Иосиф Вильегорский умер 21 мая. До второй половины июня Гоголь – с семьей умершего друга. Когда он видит, что скорбь утраты хоть чуть-чуть поутихла и семья дальше справится без него, он срывается с места и едет… «в Мариенбад, подлечиться», как объясняет он сам. Но прежде всего он заезжает в Ганау, к Языкову, «проездом в Мариенбад», как объясняет он и поэту, прибыв 30 июня. Немножко странное это «проездом»: в Мариенбад можно было добраться короче, быстрее и легче, без крюка, в сторону Ганау.
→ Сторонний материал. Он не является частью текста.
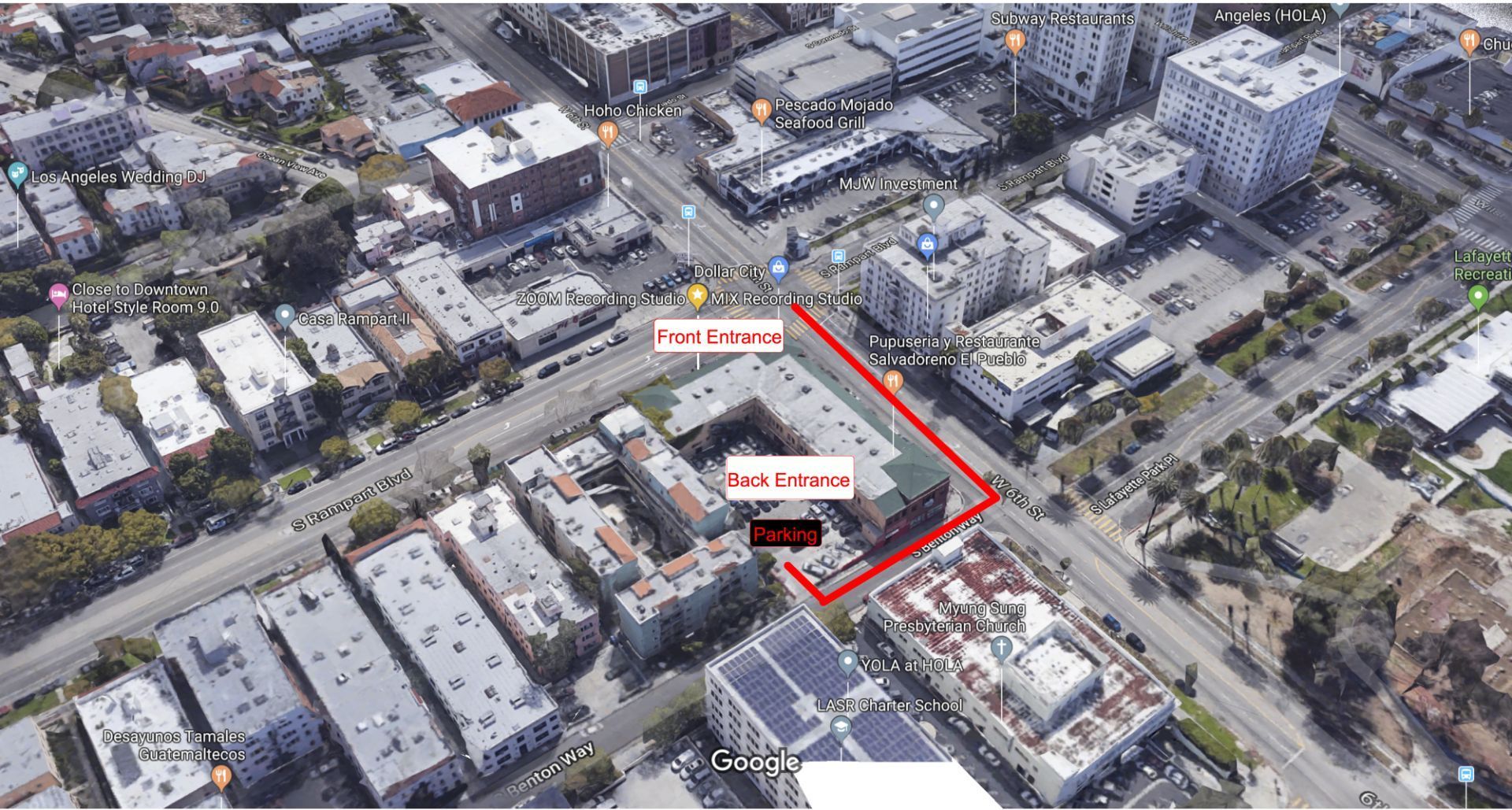 - There is the back entrance from the parking lot on Benton Way, as well as the front entrance from Rampart Blvd.

Такое впечатление что Гоголь, сотрясенный очередной потерей, испугался (можно использовать и современное словечко «закомплексовал»), что если он сейчас не познакомится наконец с Языковым, которым давно восхищается, но встретиться с которым почему-то робеет, то время будет упущено безвозвратно. Слишком много потерь приносят последние два года. На этом временном отрезке и недавняя смерть Пушкина, так и остающаяся для Гоголя свежей, незаживающей раной, и Денис Давыдов преставился ровно за месяц до смерти Иосифа Вильегорского, и многие, и многие еще… Смерть так прореживает мир вокруг, что сам мир для Гоголя начинает распадаться, привычное земное окружение перестает существовать. Отсюда и вопль, что «гибнет все прекрасное у нас на Руси!» Так надо поспешить соприкоснуться с тем прекрасным, которое еще не погибло.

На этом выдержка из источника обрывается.